ERA5 climate data set uses data from radiosondes, which are battery-powered telemetry instruments carried into the atmosphere by weather balloons to measure various atmospheric parameters, including temperature, wind, and humidity profiles. The information collected by radiosondes is transmitted back to the ground via radio signals and is assimilated by ERA5 along with other observations, such as satellite and surface-based measurements, using numerical weather models, in order to provide a comprehensive picture of the Earth’s climate system²³. It is the only reanalysis source, as it integrates climate models with past observations to provide (i) consistent values over time and (ii) more accurate estimates in the grids not covered by measurement stations.

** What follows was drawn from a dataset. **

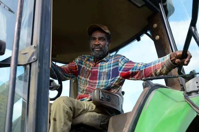 U.S.Secretary of Labor Marty Walsh (6th from left) and U.S. Rep. Bennie Thompson (second right) with Black farmers in the Delta involved in the Pitts Farm lawsuit, during a meeting at the Mississippi Center for Justice in Indianola, Thursday, June 30, 2022. Credit: Vickie D. King/Mississippi Today

Finally, UDEL provides gridded estimates mainly based on station records compiled from several publicly available sources (e.g., Global Historical Climatology Network dataset²⁶, Global Historical Climatology Network Monthly dataset²⁷, the Daily Global Historical Climatology Network archive²⁸). Interpolation is performed with Shepard spatial-interpolation algorithm²⁹, modified for use over Earth’s near-spherical surface.

Socio-economic data

We use gridded socio-economic data to gauge information on the spatial distribution of economic and human-based activities. In particular, three distinct indicators are used as weights for the spatial aggregation of climate data into administrative units. The first proxy is population density, available from Columbia University’s Gridded Population of the World v4 (GPWv4)³⁰, measured at 0.25° and 0.5° spatial resolutions. The climate econometrics literature has largely employed population density as an indicator of economic activity proxying local exposure to weather conditions^4,11,12. Note that population density is measured with respect to the land area of each grid. Thus, in our aggregation strategy, we employ the product between the population density and the area of the associated grid to account for population size properly.

A second, alternative indicator of economic activity that we include in our dataset is night-time light data³¹. Records in night-time light data are the digital number (DN) values, a standard measure of the brightness of a pixel in a digital image ranging from 0 to 63. These data are originally available at a 30 arc-second spatial resolution ($0.008{\bar{3}}^{\circ }$). To match this finer resolution with the coarser resolutions of our gridded climate data, we compute the mean of the values of the cells in the 0.25° and 0.5° grids. We aggregate by first taking the mean of 900 (30 × 30) and 3600 (60 × 60) most upper-left cells in our coordinate system to produce a single grid at a resolution of, respectively, 0.25° and 0.5°. We then iterate this procedure with the adjacent blocks of cells to obtain all the gridded values of the night-time light data for the coarser resolution. We note that the harmonized VIIRS-DMSP tif file (especially for the year 2015) presented noise from auroras and other temporary effects (e.g., boat lights and fires) – see Fig. 2, left panel, where we show the aggregation for the year 2015. Therefore, as suggested by Li et al.³¹, we set to 0 the values in the grids whose DN values are less than 30 before aggregating. Figure 2, right panel, shows the result of this correction for the year 2015.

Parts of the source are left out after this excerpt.